OUTPUT_DIR = project_root / "results"
MODEL_WEIGHTS_DIR = OUTPUT_DIR / "model_weights"
PLOTS_DIR = OUTPUT_DIR / "plots"

# Create output directories
MODEL_WEIGHTS_DIR.mkdir(parents=True, exist_ok=True)
PLOTS_DIR.mkdir(parents=True, exist_ok=True)

# Set random seeds for reproducibility
torch.manual_seed(RANDOM_SEED)
np.random.seed(RANDOM_SEED)
if torch.cuda.is_available():
    torch.cuda.manual_seed(RANDOM_SEED)

print(f"📁 Paths Configuration:")
print(f"   Data Path: {DATA_PATH}")
print(f"   Output Directory: {OUTPUT_DIR}")
print(f"   Model Weights: {MODEL_WEIGHTS_DIR}")
print(f"   Plots: {PLOTS_DIR}")

# Device setup using our custom device manager
print(f"\n🖥️  Setting up device management...")
device_manager = create_device_manager(prefer_cuda=True, verbose=True)

# Get device information
device = device_manager.device
device_name = device_manager.device_name
loader_kwargs = device_manager.get_dataloader_kwargs()

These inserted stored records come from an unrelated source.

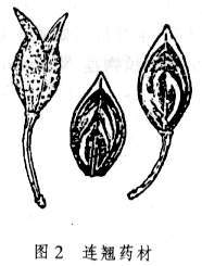 连翘多生于山野荒坡间,主要产于辽宁、河北、河南、山东、江苏、湖北、江西、云南、山西、陕西等地。秋季果实初熟尚带绿色时采收,除去杂质,蒸熟,晒干,习称青翘;果实熟透时采收,晒干,除去杂质,习称老翘。连翘果实呈长卵形至卵形,稍扁,长1.5~2.5厘米,直径0.5~1.3厘米。表面有不规则的纵皱纹及多数凸起的小斑点,两面各有一条明显的纵沟。顶端锐尖,基部有小果梗或已脱落。青翘多不开裂,表面绿褐色,凸起的灰白色小斑点较少;质硬;种子多数,黄绿色,细长,一侧有翘。老翘自顶端开裂或裂成两瓣,表面黄棕色或红棕色,内表面多为浅黄棕色,平滑,具一纵隔;质脆;种子棕色,多已脱落。气微香,味苦(图2)。
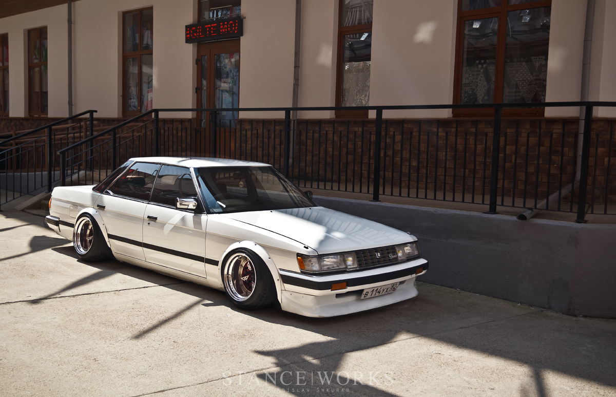 Vladislav Shkurko's Toyota GX71 Mark II blends classic Japanese styling with a personal touch, featuring a custom air suspension setup and striking white paint over red wheels. This sedan embodies a true vintage flair with thoughtful design and execution.
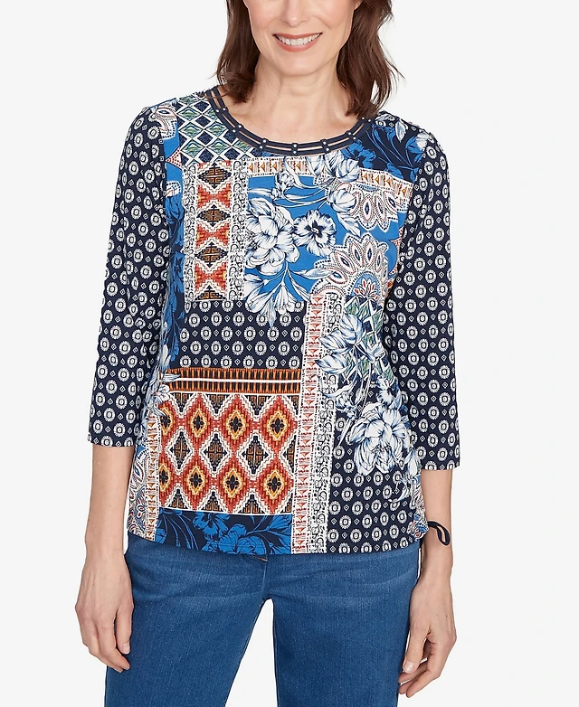 Lucky Brand Women's Printed Linen-Blend Camp Shirt
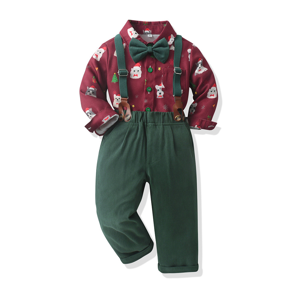 Новая Внешняя торговля, трансграничная Осенняя детская одежда, костюм для мальчиков, хлопковая рубашка с длинными рукавами, ремни, рождественское платье для одного года
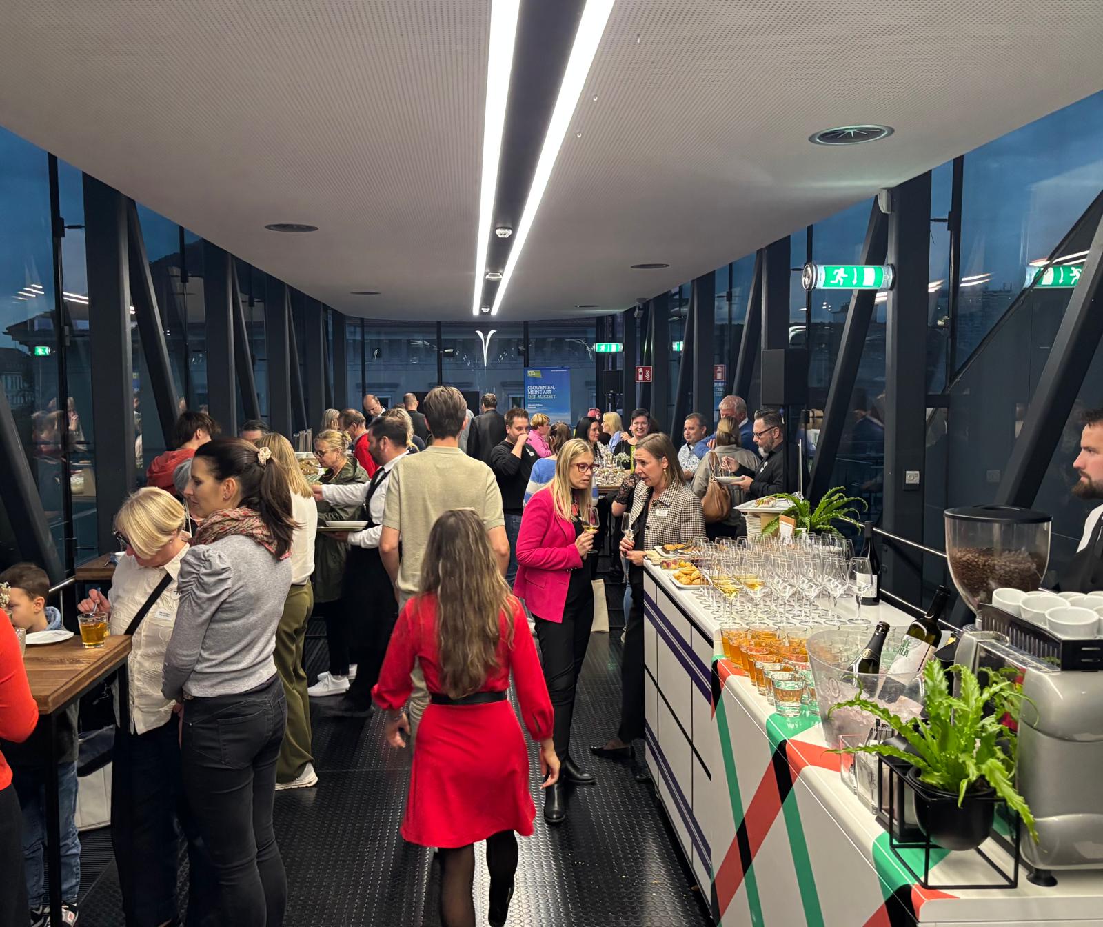 Bei slowenischer Kulinarik und ausgezeichneten Weinen nutzten die Gäste die Gelegenheit zum Netzwerken, für persönliche Gespräche und den Austausch über gemeinsame Projekte.
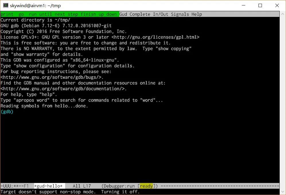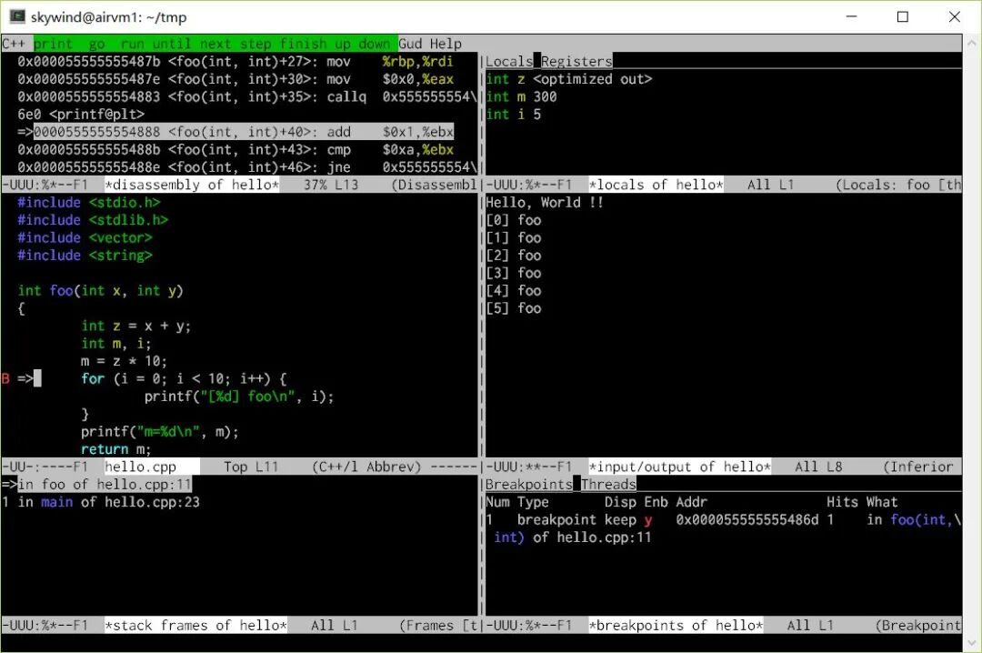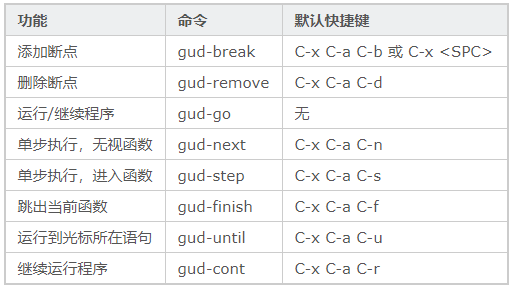 这些 gud- 开头的命令都是 emacs gdb-mode 下通用调试器的操作命令,他们和 gdb 命令一一对应,可以用 m-x 输入这些命令,还可以直接用快捷键操作。
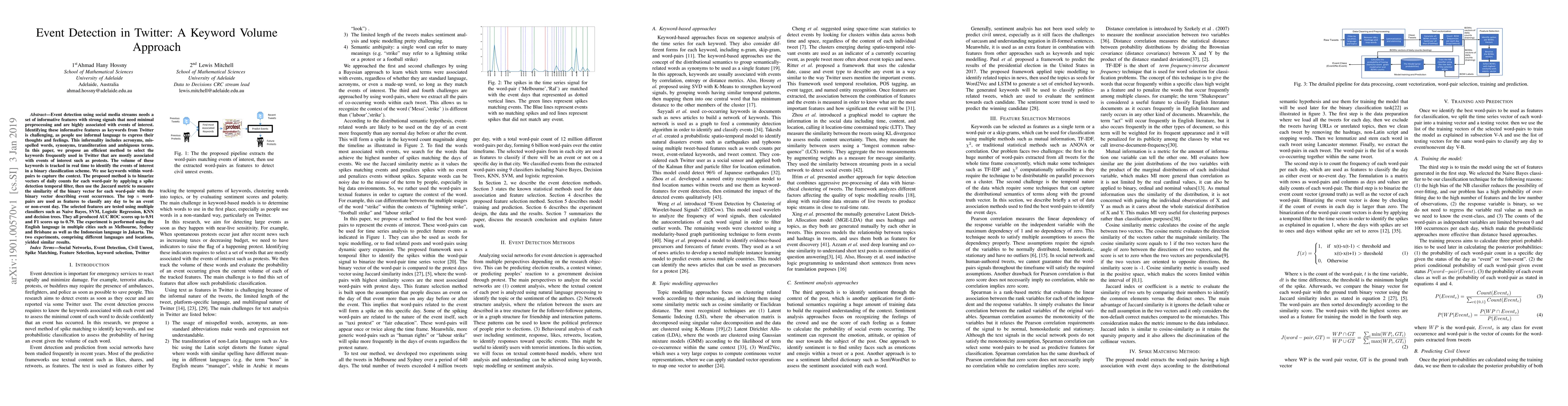 Event detection using social media streams needs a set of informative features with strong signals that need minimal preprocessing and are highly associated with events of interest. Identifying these informative features as keywords from Twitter is challenging, as people use informal language to express their thoughts and feelings. This informality includes acronyms, misspelled words, synonyms, transliteration and ambiguous terms. In this paper, we propose an efficient method to select the keywords frequently used in Twitter that are mostly associated with events of interest such as protests. The volume of these keywords is tracked in real time to identify the events of interest in a binary classification scheme. We use keywords within word-pairs to capture the context. The proposed method is to binarize vectors of daily counts for each word-pair by applying a spike detection temporal filter, then use the Jaccard metric to measure the similarity of the binary vector for each word-pair with the binary vector describing event occurrence. The top n word-pairs are used as features to classify any day to be an event or non-event day. The selected features are tested using multiple classifiers such as Naive Bayes, SVM, Logistic Regression, KNN and decision trees. They all produced AUC ROC scores up to 0.91 and F1 scores up to 0.79. The experiment is performed using the English language in multiple cities such as Melbourne, Sydney and Brisbane as well as the Indonesian language in Jakarta. The two experiments, comprising different languages and locations, yielded similar results.

print(f"\n📱 Device Configuration:")
print(f"   Device: {device}")
print(f"   Device Name: {device_name}")
print(f"   DataLoader kwargs: {loader_kwargs}")

# Display memory info if available
memory_info = device_manager.get_memory_info()
if memory_info['total'] > 0:
    print(f"   Memory Total: {memory_info['total']:.1f} GB")
    print(f"   Memory Free: {memory_info['free']:.1f} GB")


📁 Paths Configuration:
   Data Path: /Users/jaydenthai/Dev/University Work/2025sem2/Data Science Research Project /DS-Research-Project-Tumor-Expression/data/processed/ProSeq_with_5component_analysis.csv
   Output Directory: /Users/jaydenthai/Dev/University Work/2025sem2/Data Science Research Project /DS-Research-Project-Tumor-Expression/results
   Model Weights: /Users/jaydenthai/Dev/University Work/2025sem2/Data Science Research Project /DS-Research-Project-Tumor-Expression/results/model_weights
   Plots: /Users/jaydenthai/Dev/University Work/2025sem2/Data Science Research Project /DS-Research-Project-Tumor-Expression/results/plots

🖥️  Setting up device management...

📱 Device Configuration:
   Device: mps
   Device Name: mps
   DataLoader kwargs: {'num_workers': 0}


## Data Loading and Preprocessing

Load the promoter sequence data and create datasets with automatic one-hot encoding.


In [14]:
# Load data using our custom data loading function
print("📊 Loading promoter sequence data...")
print(f"   Data path: {DATA_PATH}")

if not DATA_PATH.exists():
    raise FileNotFoundError(f"Data file not found: {DATA_PATH}")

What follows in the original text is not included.